Updated as of January 2020.


North Carolina’s minimum wage is tied to the federal minimum wage, which is currently $7.25 per hour. Except in the case of tipped workers, employers in this state cannot pay workers below that level. In recent years, some Democrats, activists, and editorial boards have sought to raise the minimum wage by more than double, to $15 per hour.

The minimum wage is a government policy intended to bring about a certain outcome: to raise the ability for the poorest among us to meet their needs by having a higher per-hour wage. But it’s not enough to have good intentions. Responsible policymakers should make sure a public policy intended to help the poor actually helps the poor. Research points us to the opposite conclusion. The expectation that higher minimum wages have net negative effects is clearly in the mainstream of economic thinking on the subject.

Raising the minimum wage, especially to the arbitrary but politically popular figure of $15 per hour, would represent a significant increase in labor costs faced by employers. This increase would fall hardest on poorer areas and small businesses. It would create hard choices for affected employers: Do they cut people’s hours to retain as many workers as before? Do they choose to automate? Do they cut employee benefits? Do they require employees to possess greater skills and more formal education than before? Do they go out of business? Those hard choices point to the reality of minimum-wage hikes.

All that a minimum wage increase can do is raise the lowest wage that can be paid to a worker for an hour of work.

A higher minimum wage cannot keep labor costs what they were before the hike. It cannot increase the skill level of any worker. Or expand payrolls. Or keep work hours the same as before. It cannot keep jobs available to first-time and low-skilled workers the same as before. Or prevent automation from becoming a cheaper alternative to human labor. Or prevent inflation from destroying gains in people’s income. A higher minimum wage cannot help young people find work and stay out of mischief. Nor can it keep employers in business despite sharply rising labor prices.

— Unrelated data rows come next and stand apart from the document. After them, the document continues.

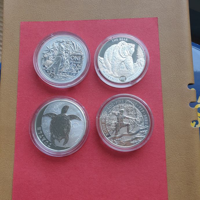Prodam 1 unčne (31,1g) srebrnike. Čistina srebra 999,9. Letniki 2021 in 2022. Vsi so v kapsulah in lepo ohranjeni. Cena za prvega 37€, za 2 in 4 je 36€- želva(3) prodana. . Pošljem po pošti-poštnina 3,20€ ali pa osebni prevzem v Ljubljani. Oglejte si še ostale moje oglase s kovanci.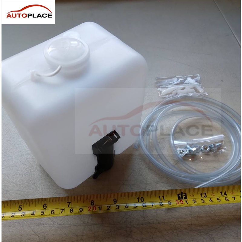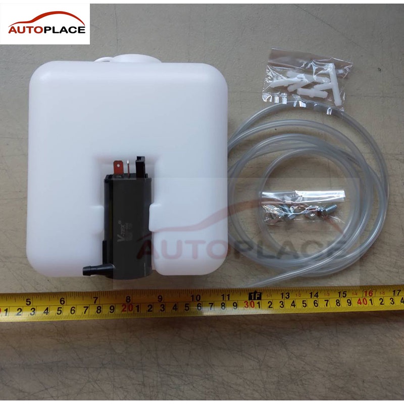 กระป๋องฉีดน้ำรถยนต์ กระป๋องฉีดน้ำฝน ถังพักน้ำฉีดกระจก ทั่วไป ใส่ได้ทุกรุ่น พร้อมมอเตอร์ 12 โวลท์ พร้อมสายยาง ข้อต่อ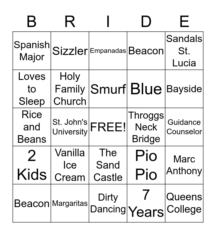 This bingo card has a free space and 24 words: Vanilla Ice Cream, Margaritas, Smurf, Beacon, Sandals St. Lucia, Spanish Major, Loves to Sleep, Sizzler, Throggs Neck Bridge, The Sand Castle, Blue, Rice and Beans, Pio Pio, Marc Anthony, Holy Family Church, 7 Years, Guidance Counselor, Empanadas, Bayside, St. John's University, Queens College, 2 Kids, Beacon and Dirty Dancing.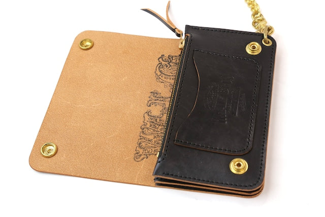 また財布と同じレザーを使用したカードケースを付属し、トラッカーウォレットの悩みの種となっているカードが綺麗に収納できて安心です。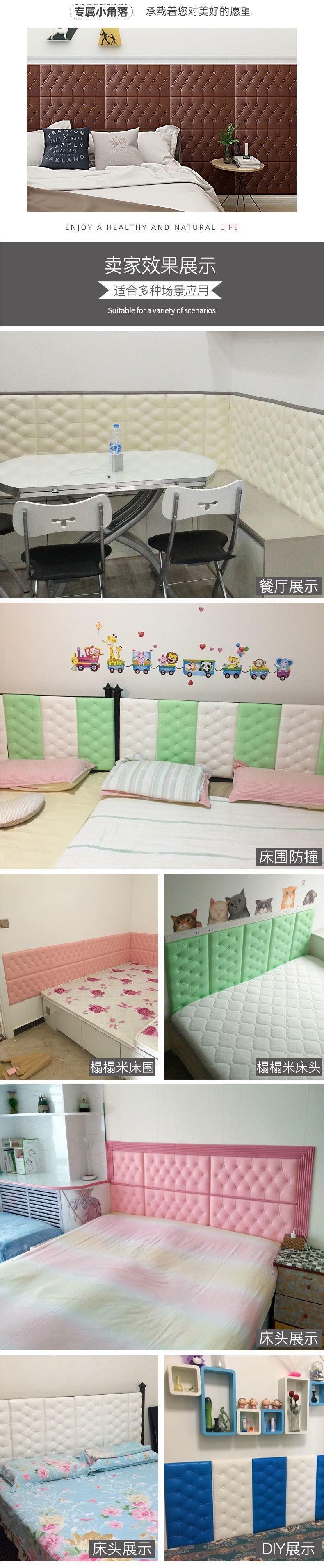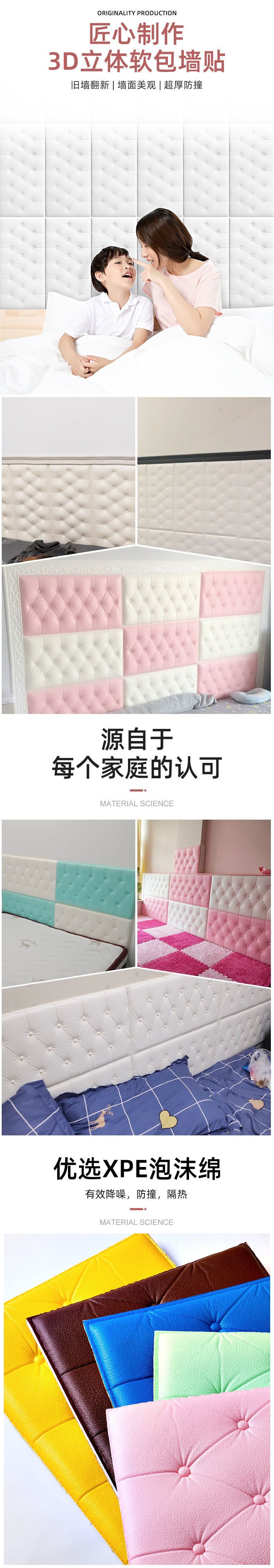 加厚自粘床头板软包防撞榻榻米炕围3d立体墙贴卧室墙围背景墙装饰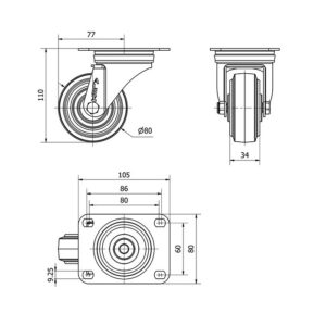 Rueda goma giratoria Alex diametro 80 mm. modelo 2-3497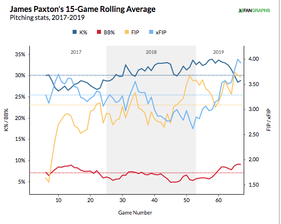 Paxton has hit a bump in the road, due in part to the decreased tunneling effectiveness of his fastball and cutter. However, he did strike out 11 Rays in his most recent outing before the All-Star Break.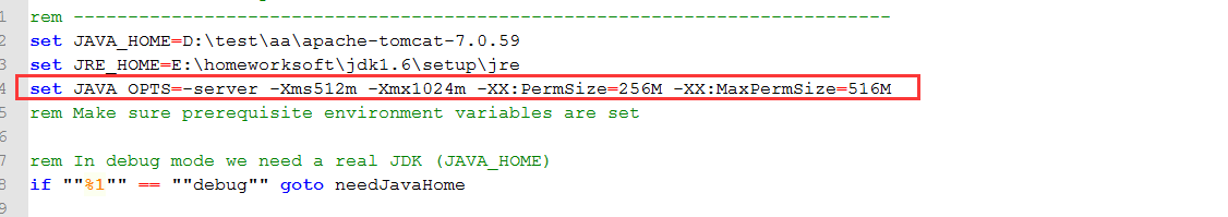 set JAVA_OPTS=-server -Xms512m -Xmx1024m -XX:PermSize=256M -XX:MaxPermSize=512M
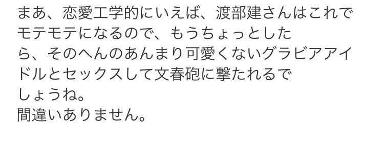 アンジャッシュ渡部建のスキャンダルの件。もし不倫だったら3年前のメルマガの通りやな。恋愛工学、恐るべし。 (出典: 週刊金融日記 第262号)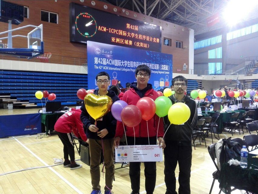 本次竞赛由ACM-ICPC亚洲区组委会主办,授权东北大学承办沈阳站的比赛。参赛阵容亦非常强大,在前期网络赛筛选的基础上,有来自国内125高校的180支队伍参加了此次现场赛。最终北京大学的“全给党”队伍以解出13题中的10题的解题数量优势捧得冠军奖杯,来自北京航空航天大学和杭州电子科技大学的队伍分货亚军和季军。正规电子游戏此次派出了两支参赛队伍,分别是由高洪杰(14281058)、王之博(14272082)、张彦潇(14281103)组成的“终末之冬”队和由王婉铃(15301158)、付恒岩(16281190)、郝敬宇(16281097)“喵之萌杀”队。此外,同一时间在由哈尔滨哈尔滨理工大学承办的第3届中国大学生程序设计竞赛(CCPC)中,正规电子游戏也派出了由赵思达(16301057)、陈炳君(16281031)、胡祖俊(17301095)三人组成的“小富即安”队参赛。两场比赛中,新老参赛队员沉着冷静、奋力发挥,最终“终末之冬”获得了一枚银奖,位于银奖前列,“小富即安”队因罚时过多与奖牌失之交臂。

While minimum-wage hikes can help some low-income workers, they also hurt the very people they’re supposed to help: the poorest, the least skilled, and the disadvantaged.

Key Facts

  • Only 3.1 percent of workers in North Carolina are paid at or below the minimum wage. Most minimum-wage workers are new to the workforce, often unproven, and often not educated beyond high school. But nearly half the workforce in North Carolina earns less than $15 per hour.
  • More than doubling the minimum wage to $15 per hour would result in a significant increase in labor costs statewide, affecting nearly half the state’s workforce. Research from the Heritage Foundation estimated that raising the minimum wage to $15 per hour would cost over 330,000 jobs in North Carolina.
  • Surveys of economists by the Employment Policies Institute show that large majorities of economists believe a $15 per-hour minimum wage would result in lost jobs, more skills required to get any job (even entry-level jobs), fewer young people finding work, and more small business closings. Furthermore, almost no economists expect positive changes from hiking the minimum wage to $15 per hour. In fact, 3 percent or fewer expected it would create jobs, increase youth employment, create better outcomes for lower-skilled job seekers, or help small businesses stay afloat.
  • Research into Seattle’s minimum-wage increase found there were over 5,000 fewer low-wage jobs, fewer hours worked in low-wage jobs, and, most importantly, lower earnings for those in low-wage jobs. Experienced workers saw their hours cut, but they offset this loss by finding additional work outside the city. Less experienced workers saw no gains. Also, people out of work stayed out of work, leading to a significant reduction in people joining the workforce.
  • Other recent economic research on minimum-wage increases found the following: price inflation in groceries alone erased most of the gain for the poorest workers; most of the costs of the increases fell on the poor; fewer jobs for teens and fewer hours worked by those teens with jobs; greater crime rates among 16-to-24-year-olds, costing society nearly $2.4 billion; and complete ineffectiveness in fighting poverty.

Recommendations

  1. Keep the state minimum wage no higher than the federal minimum wage. Impose no greater harm on the poorest, least-experienced, and least-skilled workers in North Carolina.